Mit der Einführung formeller Regelungen und Verhaltensnormen gegen Korruption und Amtsmissbrauch entstanden daraufhin Institutionen, die Macht über die gewählten Repräsentanten ausüben, selbst aber keiner demokratischen Rechenschaftspflicht unterliegen. In Großbritannien berief Lord Nolan einen Parliamentary Commissioner for Public Standards, der nun die Abgeordneten im Unterhaus überwacht. Schon im Zuge der Watergate-Ermittlungen gegen Richard Nixon war in den USA das Amt des Special Prosecutor eingerichtet worden, das Ken Starr in der Clinton-Affäre für bis dato unvorstellbare Schnüffelei im Privatleben des Präsidenten nutzte. In Italien sicherten sich die Richter immer mehr Macht, verhafteten Leute, um erzwungene Geständnisse zu erwirken, und nutzen Kronzeugen, um Klagen gegen Politiker vorzubereiten. Als ihnen der Wahlausgang 1994 nicht gefiel, starteten sie prompt eine neue Ermittlungsrunde gegen den Sieger Silvio Berlusconi. Die Mitglieder des Unterhauses, der Präsident und der Medienmogul haben selbstverständlich Fehler und Schwächen. Doch durch die neuen Institutionen wird der politische Prozess demokratisch nicht zurechenbaren Institutionen unterworfen, die sich auch über die demokratischen Entscheidungen der Wählerschaft hinwegsetzen können.

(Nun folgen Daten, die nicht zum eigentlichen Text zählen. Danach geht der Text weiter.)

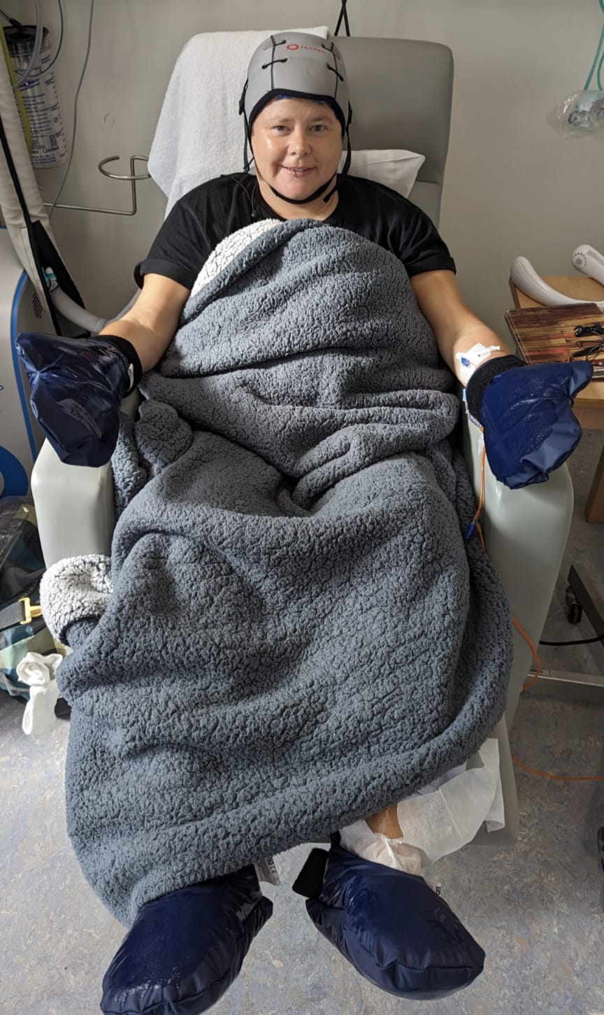 After 12 weeks recovery, Em began chemotherapy to ensure all the cancer was gone. She had 4 cycles of chemo and again, she managed to keep working during this time. Em chose to wear a cold cap to help prevent hair loss during her treatment, and also took part in a trial which meant she wore ‘cold boots’ and ‘cold gloves’ during her chemo, to reduce the side effects of neuropathy (damage caused to nerves in the tips of fingers and toes).

Wer sich erinnert, wie unsicher die politischen Führungen noch in den 90er-Jahren waren, wird sich fragen, wie sie sich überhaupt ins neue Jahrtausend retten konnten. Doch durch die Verfolgung kompromittierter Politiker und die Bildung neuer Institutionen konnten sie offenbar einen Teil ihrer Legitimität zurückgewinnen. Jedenfalls war nach 1997 die Zufriedenheit der Bevölkerung mit den demokratischen Institutionen deutlich größer als vor Beginn der Skandalwelle.
Die nationalen Regierungen erlangten allmählich wieder Autorität. In Großbritannien wandten sich die Abgeordneten des Unterhauses gegen Parliamentary Standards Commissioner Elizabeth Filkin, als deren erkennbar überflüssige, aber rufschädigende Ermittlungen gegen führende Politiker kein Fehlverhalten nachweisen konnten. In Italien erschütterte Premierminister Silvio Berlusconi seine liberalen und linken Kritiker mit einer Gegenoffensive gegen die Richter. Er wurde daraufhin 2001 im Amt bestätigt, während Richter Antonio di Pietro, der inzwischen in die Politik gegangen war, nur 3,9 Prozent der Stimmen erhielt. Im gleichen Jahr trat auch Martin Bell erneut zur Wahl an, wurde aber geschlagen.
Dennoch ist die Entfremdung zwischen Politikern und Bevölkerung, die dem Prozess der Skandalisierung der Politik zugrunde liegt, ungebrochen. Daher sind Korruptionsvorwürfe weiterhin zentraler Bestandteil des politischen Alltags. Durch die Bildung entsprechender Kontrollorgane wurde der Ablauf solcher Skandale inzwischen weitgehend institutionalisiert – ihr undemokratischer Einfluss aber damit sogar auf eine höhere Stufe gehoben.